Kur'an-ı Kerim ve Türkçe Meali Sayfa 565
16. Biz yakında onun burnunu, kibrini kıracak ve yakasını kurtaramayacağı bir zilletle damgalayacağız.
17. İçinde her türlü meyveler bulunan bahçe sahiplerini bela vererek imtihan ettiğimiz gibi Mekke'lileri de açlık ve kıtlıkla bela verip imtihan ettik. Hani o bahçe sahipleri sabah olunca erkenden kimse görmeden mahsulleri toplamaya yemin etmişlerdi.
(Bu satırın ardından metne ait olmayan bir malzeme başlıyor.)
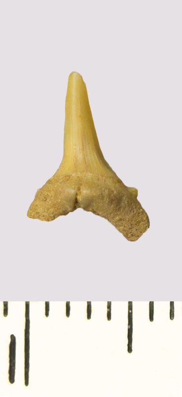 Зуб. Акула. Scapanorhynchus rhaphiodon Agassiz, 1843. Классификация: Хордовые Chordata, Позвоночные Vertebrata, Хрящевые рыбы Chondrichthyes, Пластиножаберные Elasmobranchii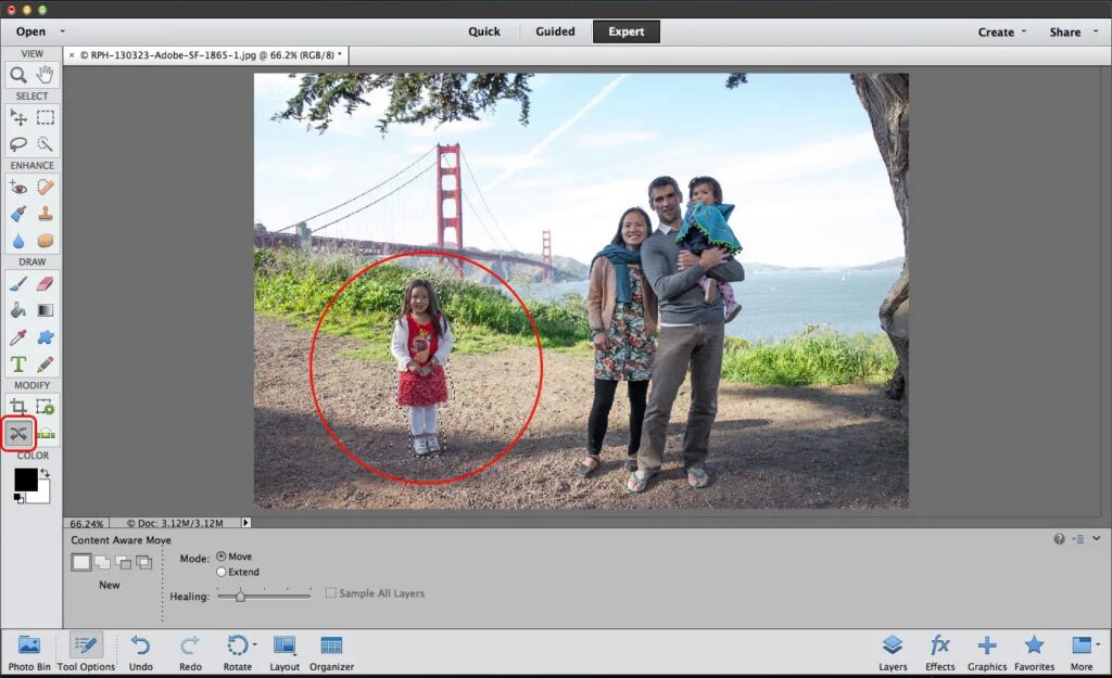 Værktøjet er særligt nyttigt til at finjustere kompositioner efter optagelsen. Måske er en person i en gruppefoto placeret lidt for langt til højre, eller et element distraherer i kanten af billedet, men ville passe bedre, hvis det blev flyttet tættere på hovedmotivet. Content-Aware Move gør det muligt at eksperimentere med placering uden at skulle starte forfra med komplekse lag og masker.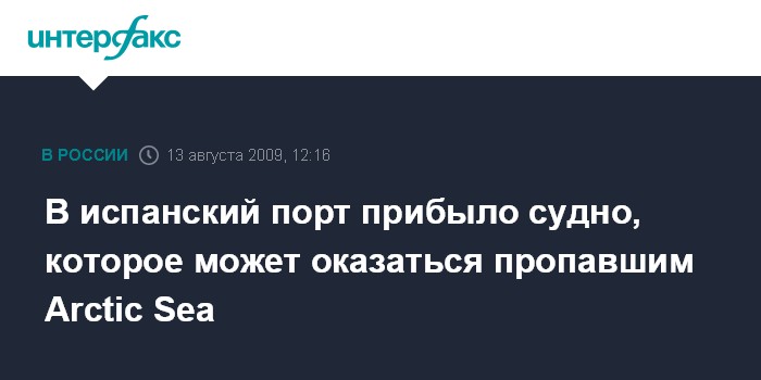 Москва. 13 августа. INTERFAX.RU - По данным главного редактора Интернет-издания "Морской бюллетень - Совфрахт" Михаила Войтенко, в испанский порт Сан-Себастьян прибыло судно, соответствующее по своим параметрам пропавшему сухогрузу Arctic Sea с российским экипажем на борту. По словам Войтенко, он получил SMS-сообщение, в котором говорилось, что "вчера в испанский порт Сан-Себастьян прибыло неизвестное судно, без имени, длиной 98 метров, а это длина сухогруза Arctic Sea".
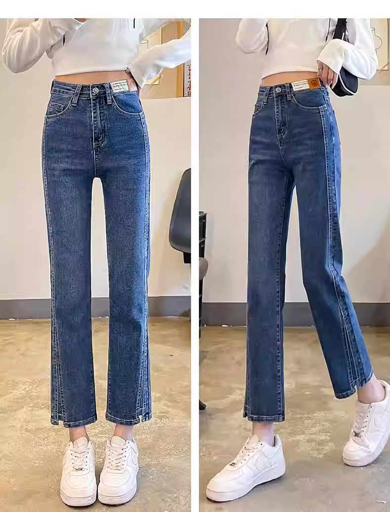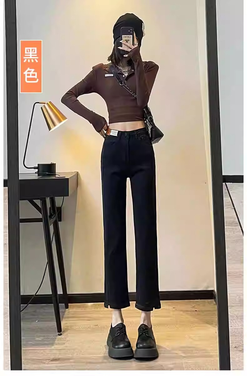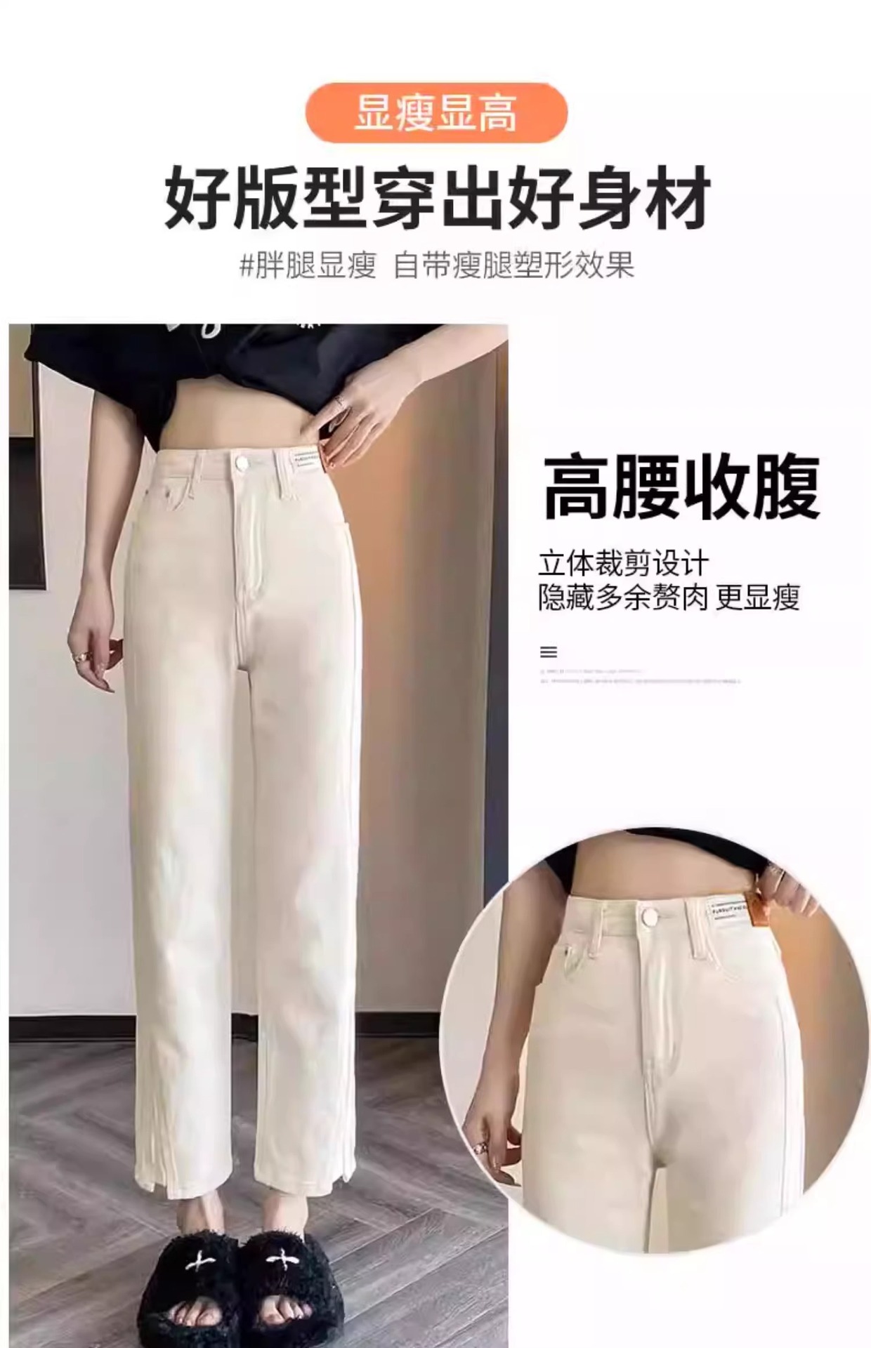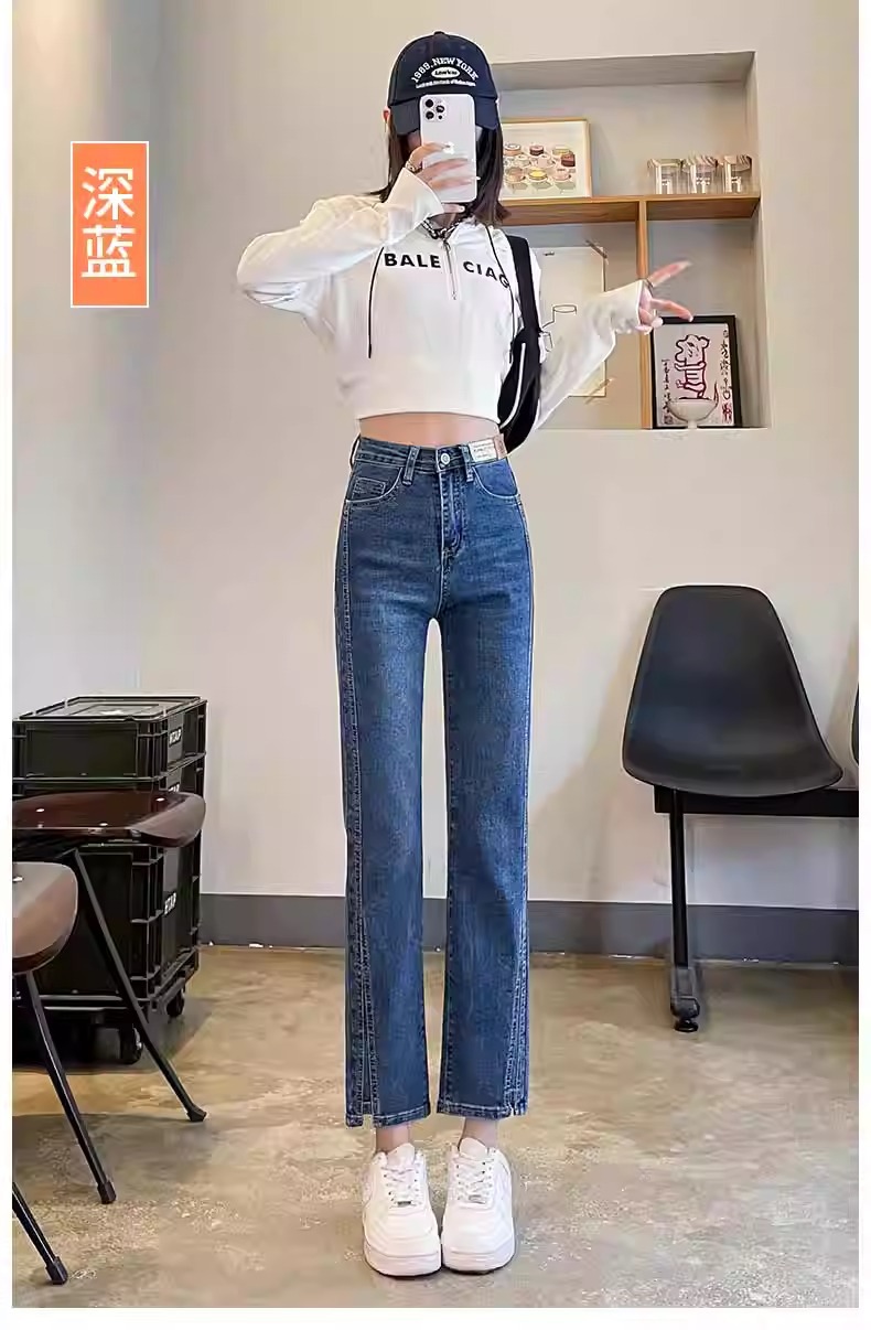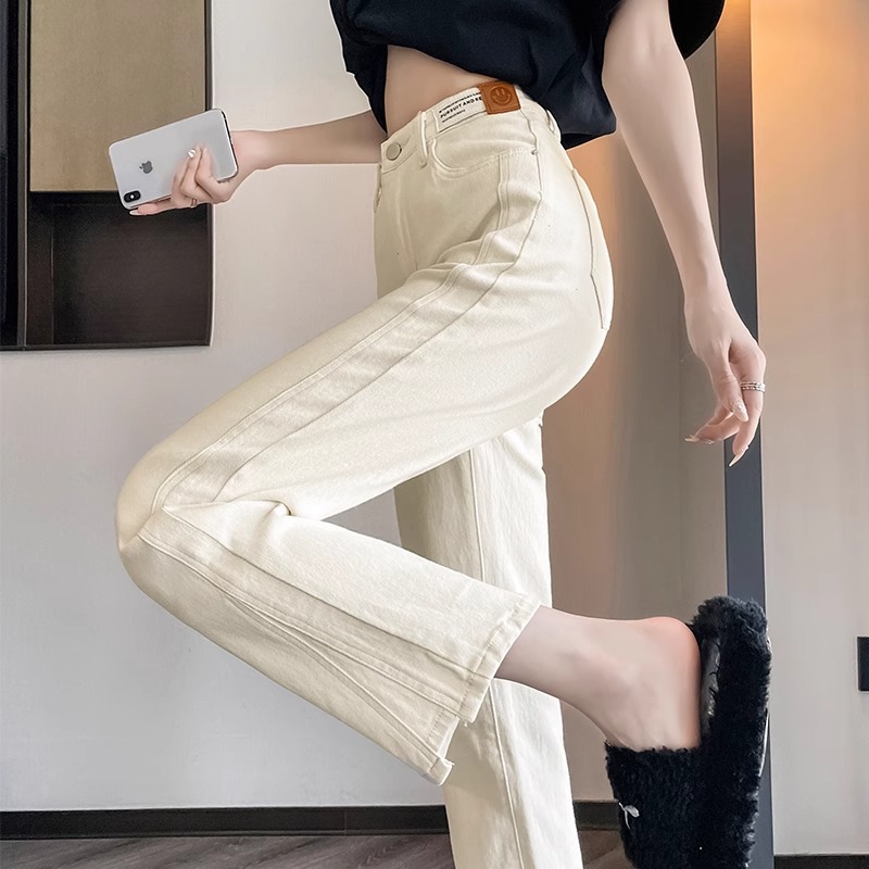 미색 스모크 파이프 데님 팬츠 여성용 2026 봄 가을 기모 하이웨이스트 쁘띠 사이즈 9부 슬림핏 화이트 스트레이트 팬츠스토어 가기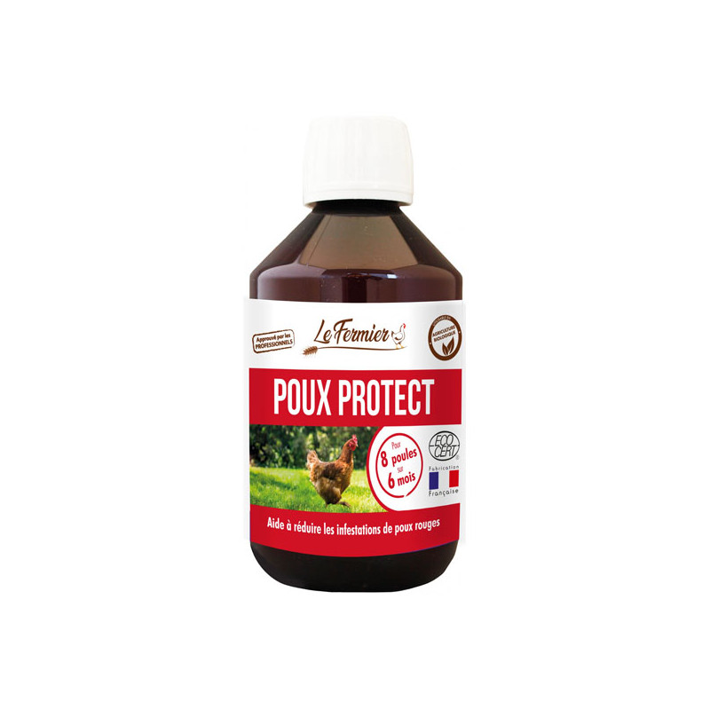 Poux protect est un anti-poux naturel visant à rendre le sang des poules impropre à la consommation par les poux rouges.

18. Allah dilerse şeklinde Allah'ın iradesi ile ilgili hiçbir istisnai kayıt da koymamışlardı.
19. Onlar daha uykuda iken Rabbinden gelen bir felaket bahçeyi kapladı ve sardı.
20. Derken bahçe kapkara kesilip çorak bir yere dönüvermişti.
21. Bahçe sahipleri sabahleyin birbirlerine sesleniyorlardı.
22. Mahsüllerinizi toplayacaksanız erkence koşup gidin.
23. Derken yola düştüler, birbirlerine gizlice diyorlardı ki:
24. “Bugün hiçbir yoksula yol vermeyin, yanınıza sokulmasın sakın.”
25. Ve kendilerini yoksullara birşey vermemeye güçleri yeter zannederek erkenden bahçelerine gittiler.
26. Ama bahçeyi o perişan haliyle görünce: “Herhalde biz yanlış yere gelmişiz, bizim bahçe burası değildir veya biz sapık insanlarız fakir ve yoksulları haklarından mahrum etmeye çalışıyoruz” dediler.
27. Sonra yanlış yere gelmediklerini ve Allah'ın bir cezası ve imtihanı olduğunu anladıklarında: “Biz mahrum bırakılmışız” dediler.
28. Aralarında en aklı selim sahibi olan en uygun düşüneni: “Ben size Allah'ın sınırsız şanını yüceltmelisiniz dememişmiydim?” deyince,
29. onlar da: “Rabbimizin şanı yücedir, doğrusu biz yaratılış gayemize aykırı hareket ediyormuşuz” dediler.
30. Sonra dönüp birbirlerini kınamaya başladılar.
31. “Yazıklar olsun bize, gerçektende azmış kimselermişiz” dediler.
32. “Belki Rabbimiz bize harap olan bahçemizin yerine ondan daha iyisini verir, biz Rabbimize dönüyor ve her arzumuzu O'ndan istiyoruz.”
33. İşte bazı insanları bu dünyada denemek için gönderdiğimiz azap böyledir ama öteki dünyada günahkarların uğrayacağı azap daha da şiddetli olacak, keşke bunu bilselerdi.
34. Yolunu Allah'ın kitabıyla bulanlar için nimetler dolu cennetler vardır.
35. Artık müslümanları suçlular gibi tutarmıyız hiç?
36. Ey inkârcılar! Size ne oluyor nasıl hüküm veriyorsunuz yani müslümanlarla siz inkârcılar hiç bir olur mu?
37. Yanınızda gökten inmiş bir kitap var da oradan mı okuyup hüküm çıkarıyorsunuz?
38. Orada neyi beğenir isterseniz sizindir diye mi yazılı?
39. Yoksa bizden kıyamete kadar devam edecek bir söz mü aldınız ki, istediğiniz gibi hüküm veresiniz.
40. Ey peygamber! Sor onlara, onlardan hangisi bu hükmün savunucusu olacak?
41. Yoksa ortakları mı var? Doğru söylüyorlarsa gelsinler bakalım ortaklarıyla.
42. O gün işler güçleşir, onlar secde etmeye çağrılacaklar ama güçleri yetmez ve vakti de geçmiştir zaten.